Defendant's Ability to Obtain Plaintiff's Complete Medical History -

New Hampshire

What limitations exist, if any, on a defendant’s ability to obtain a plaintiff’s complete medical history, both pre and post incident?

In New Hampshire, a defendant is generally permitted to obtain a plaintiff’s complete medical history, both pre- and post-incident. However, medical records usually must be obtained with the consent of the patient, typically through an executed Medical Authorization received from the plaintiff himself/herself or through plaintiff’s counsel if represented.

Superior Court Rule 28A (c) grants any party a “right to procure from opposing counsel an authorization to examine and obtain copies of hospital records and X-Rays involved in the litigation.” In practice this is usually interpreted to allow access to all of a plaintiff’s medical records. The plaintiff can, however, restrict the scope of the authorization to medical records specifically relevant to the alleged injury and to limit the time period covered by the authorization. If the authorization proffered is unduly restricting, the remedy is to file a motion to compel with the court.

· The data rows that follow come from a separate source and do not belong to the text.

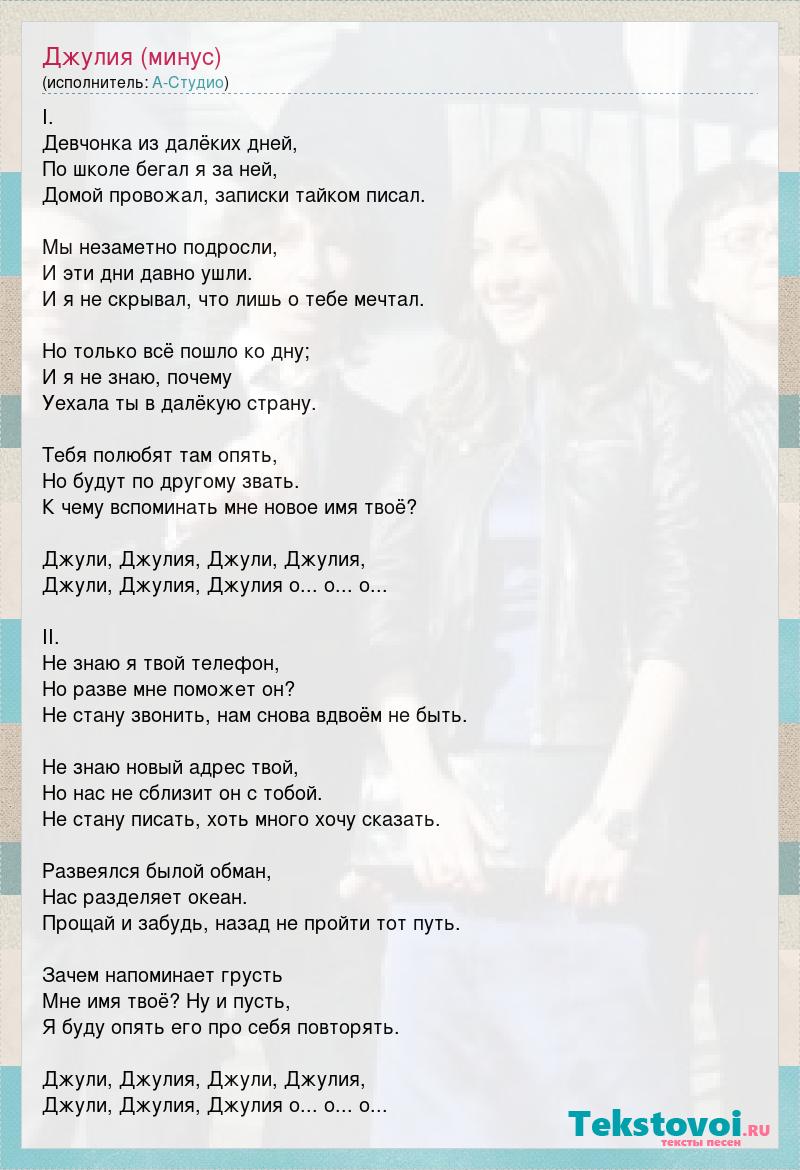 I. Девчонка из далёких дней, По школе бегал я за ней, Домой провожал, записки тайком писал. Мы незаметно подросли, И эти дни давно ушли. И я не скрывал, что лишь о тебе мечтал. Но только всё пошло ко дну; И я не знаю, почему Уехала ты в далёкую страну. Тебя полюбят там опять, Но будут по другому звать. К чему вспоминать мне новое имя твоё? Джули, Джулия, Джули, Джулия, Джули, Джулия, Джулия о... о... о... II. Не знаю я твой телефон, Но разве мне поможет он? Не стану звонить, нам снова вдвоём не быть. Не знаю новый адрес твой, Но нас не сблизит он с тобой. Не стану писать, хоть много хочу сказать. Развеялся былой обман, Нас разделяет океан. Прощай и забудь, назад не пройти тот путь. Зачем напоминает грусть Мне имя твоё? Ну и пусть, Я буду опять его про себя повторять. Джули, Джулия, Джули, Джулия, Джули, Джулия, Джулия о... о... о...
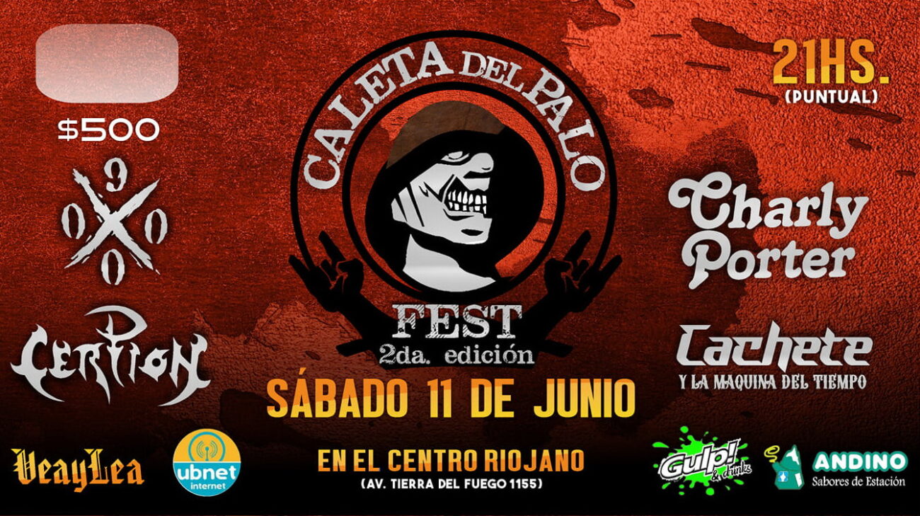 – Caleta Del Palo Fest (2ª edición) en el Centro de Residentes Riojanos de Caleta Olivia (avenida Tierra del Fuego 1048) desde las 21:00 hs. Grilla: Cachete y La Máquina Del Tiempo (C.O.), The Charly Porter (C.O.), 9000 (C.R.) y Cerpión (P.T.). Valor: $500.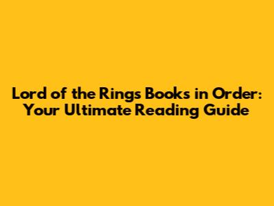 Lord Of The Rings Books In Order: Your Ultimate Reading Guide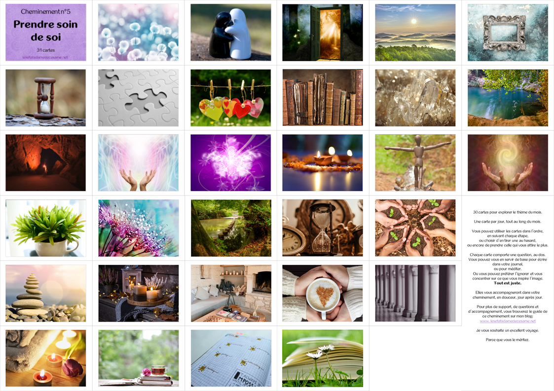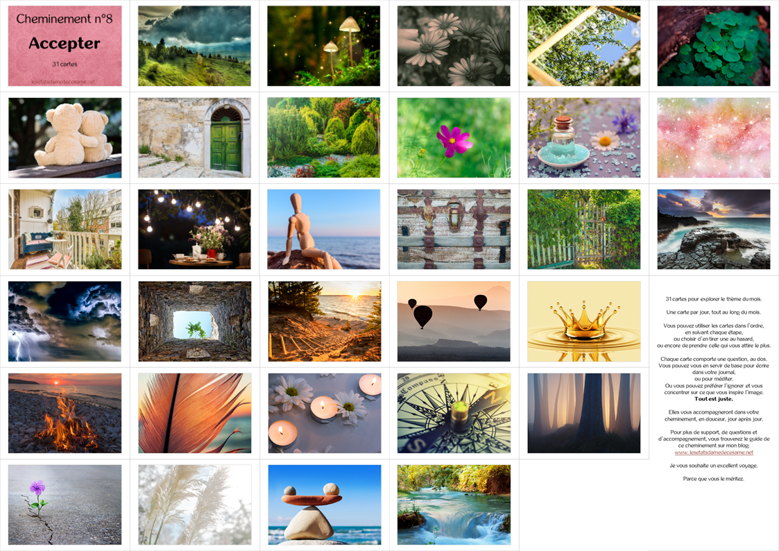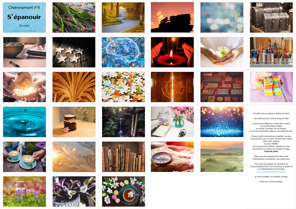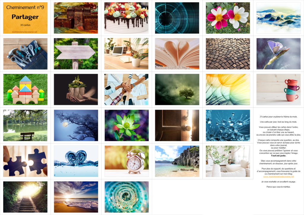 Une page spécifique pour les jeux de cartes petit format ( 7cm x 10 cm) qui servent de support au cheminement. Chaque jeu comprend 30 à 31 cartes (plus une carte titre), avec une image inspirante au recto et une question au verso.

In addition, Superior Court Rule 22 requires that a party must, without a discovery request, disclose “a copy of all documents, electronically stored information…that the disclosing party has in his or her possession, custody or control and may use to support his or her claims or defenses, unless the use would be solely for impeachment.” Under this rule, a personal injury plaintiff has an obligation to produce medical records intended to support injury claims “automatically” without a discovery request. Failure to do so could result in sanctions up to and including the exclusion of such evidence at trial. Superior Court Rule 21(d).